**TASK REQUIREMENTS**:
For this exercise, please return exactly the line containing "Neben 4,5 g" and each line after it through the end of the records, with no pictures included.

**THE INPUT**:
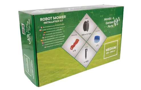 Installationskit, der inkluderer alt der skal bruges for at installere en robotplæneklipper i din have. Pakken indeholder 250m (Ø2,7mm) afgrænsningskabel, 300 jordspyd, 4 samlere og 4 kabelstik.
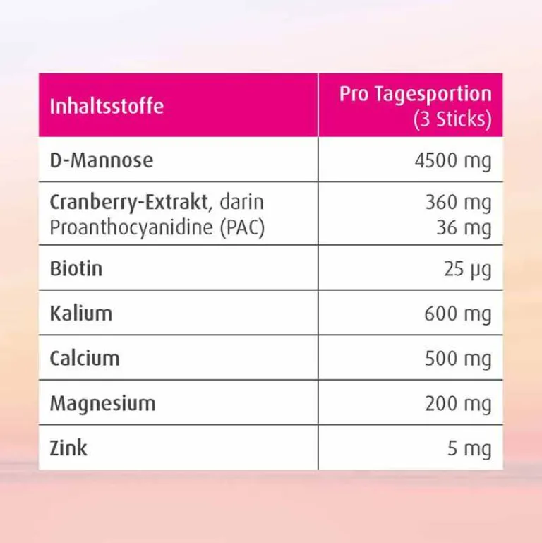 Neben 4,5 g aus der Birke gewonnene D-Mannose enthält sie das wasserlösliche Vitamin Biotin, einen Zink-Mineralstoff-Komplex sowie Cranberry-Extrakt, der aufgrund seiner sekundären Pflanzenstoffe (Proanthocyanidine, kurz PAC) besonders geschätzt wird.
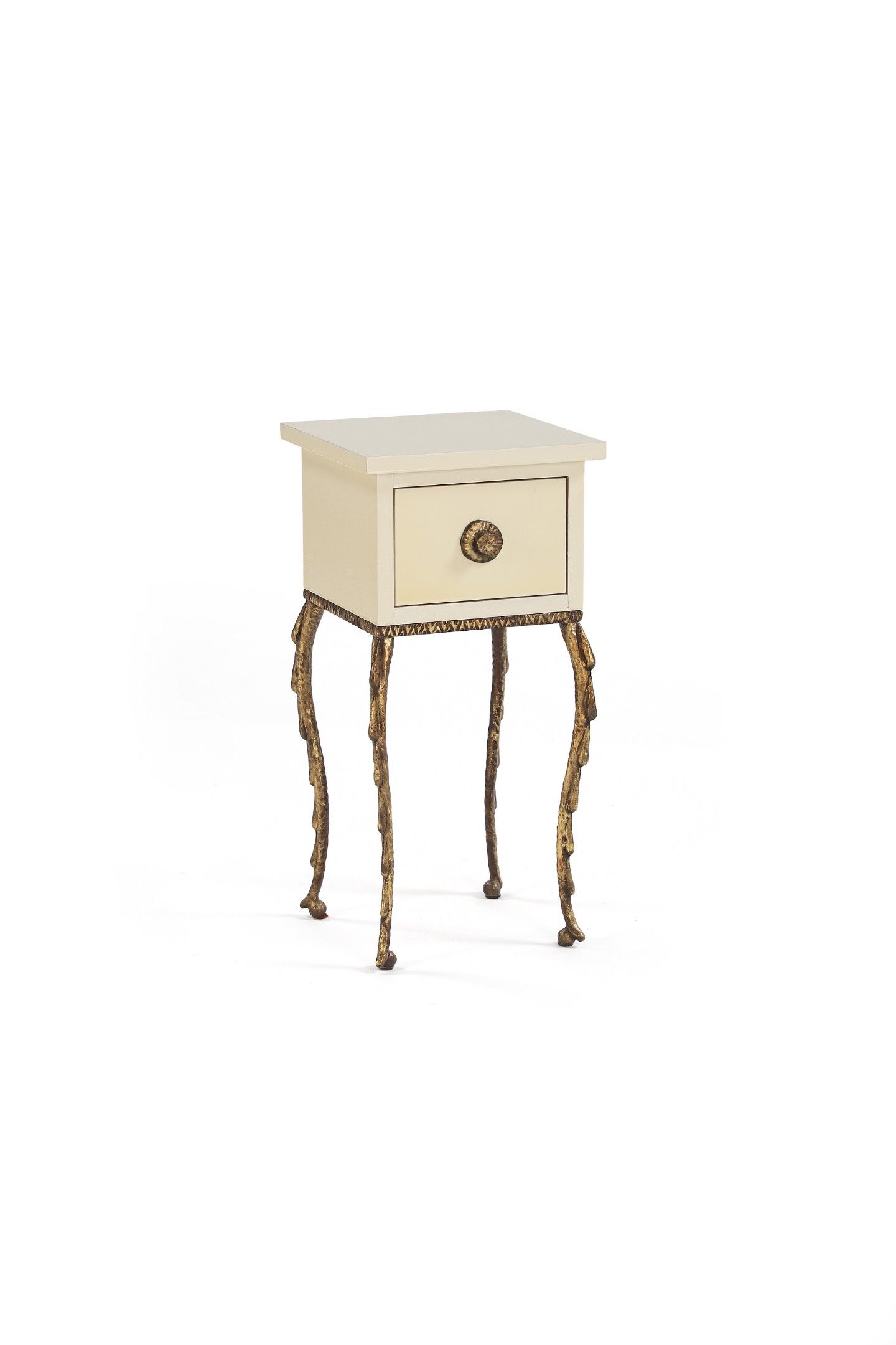 Quadrangular body in ivory lacquered sycamore, opening with a drawer at the front, bronze handle with bronze patina, resting on a four-legged base in bronze with bronze patina.
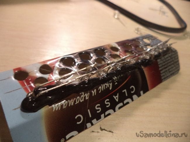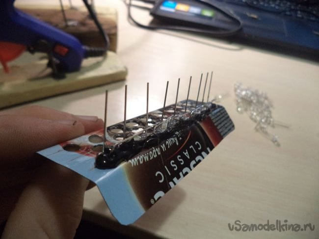 Прикрепляем светодиоды к пластинке с помощью горячего клея.
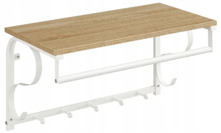 Polica v kombinácii so závesnou tyčou a piatimi háčikmi
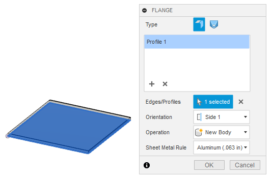 2. Select the Profile, choose the desired Sheet Metal Rule from the dropdown menu, and click OK.
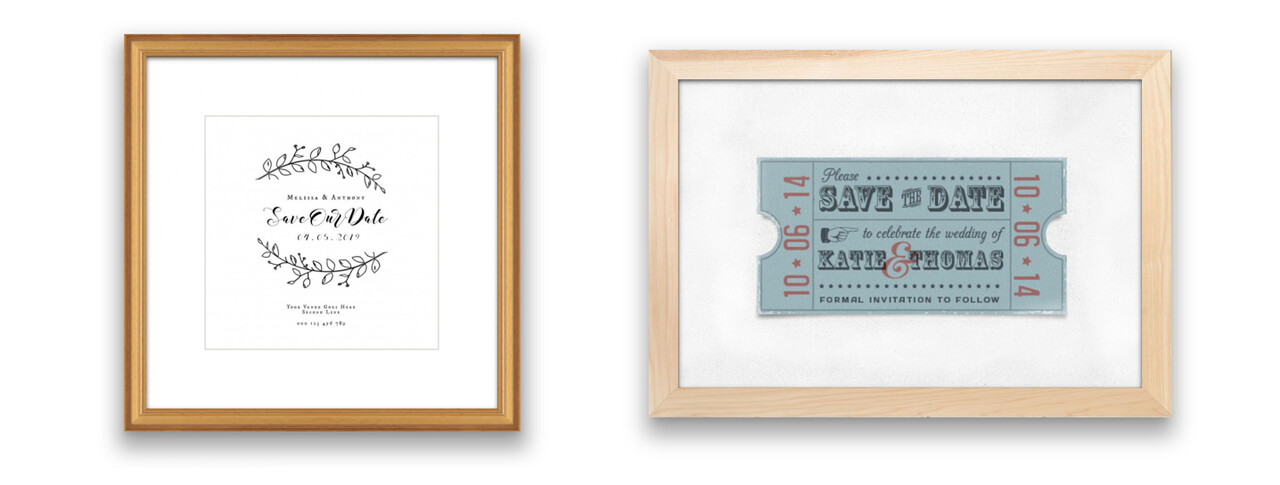 For an item where you want to reveal the entire surface of the paper, for example a menu or Save the Date card where the text goes right to the edges, it's a good choice for when to select a float mount for your frame. This means that the piece sits on top of the matting with some margin around it, as opposed to being overlapped by the matting or inside edge of the frame.
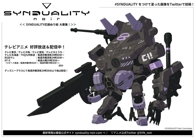 ホーンドウルは 優秀なハンターである猛禽類 「ミミズク(horned owl)」 から直球で名付けました。 マーキングも少しミリタリーな イデアール式になっています。 アニメ「SYNDUALITY Noir」 2月12日24:00~放送の 第18話を どうぞよろしく! #SYNDUALITY #シンデュア
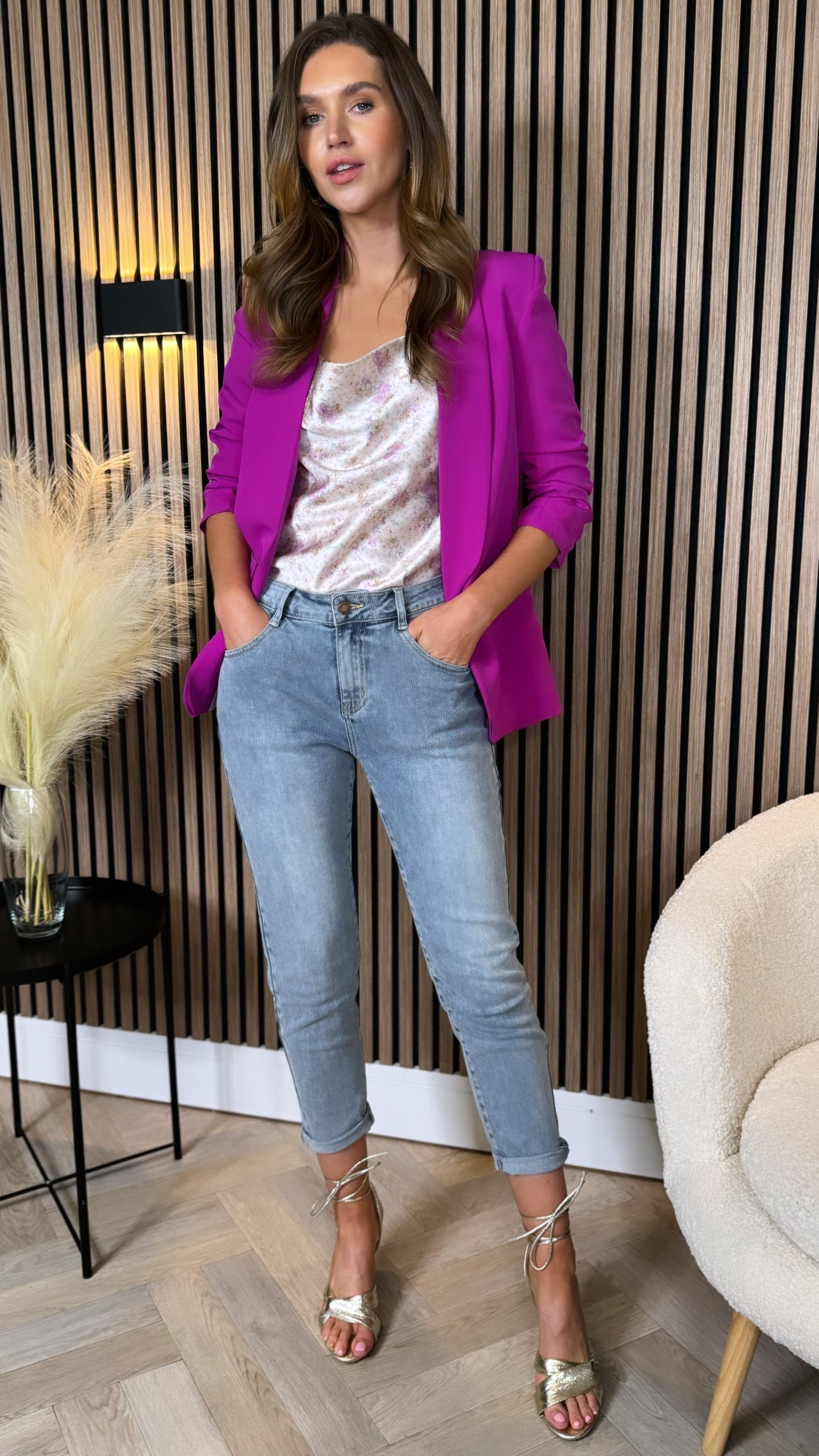 Sizing info: Our model Lauren is wearing the S and she is usually a UK 8. We recommend sticking with your usual size unless you are busty/ broad on the back or like your blazer to feel a little more roomy. S = UK 8-10, M = UK 10-12, L = UK 12-14.

**SOLUTION**:
 Neben 4,5 g aus der Birke gewonnene D-Mannose enthält sie das wasserlösliche Vitamin Biotin, einen Zink-Mineralstoff-Komplex sowie Cranberry-Extrakt, der aufgrund seiner sekundären Pflanzenstoffe (Proanthocyanidine, kurz PAC) besonders geschätzt wird.
 Quadrangular body in ivory lacquered sycamore, opening with a drawer at the front, bronze handle with bronze patina, resting on a four-legged base in bronze with bronze patina.
 Прикрепляем светодиоды к пластинке с помощью горячего клея.
 Polica v kombinácii so závesnou tyčou a piatimi háčikmi
 2. Select the Profile, choose the desired Sheet Metal Rule from the dropdown menu, and click OK.
 For an item where you want to reveal the entire surface of the paper, for example a menu or Save the Date card where the text goes right to the edges, it's a good choice for when to select a float mount for your frame. This means that the piece sits on top of the matting with some margin around it, as opposed to being overlapped by the matting or inside edge of the frame.
 ホーンドウルは 優秀なハンターである猛禽類 「ミミズク(horned owl)」 から直球で名付けました。 マーキングも少しミリタリーな イデアール式になっています。 アニメ「SYNDUALITY Noir」 2月12日24:00~放送の 第18話を どうぞよろしく! #SYNDUALITY #シンデュア
 Sizing info: Our model Lauren is wearing the S and she is usually a UK 8. We recommend sticking with your usual size unless you are busty/ broad on the back or like your blazer to feel a little more roomy. S = UK 8-10, M = UK 10-12, L = UK 12-14.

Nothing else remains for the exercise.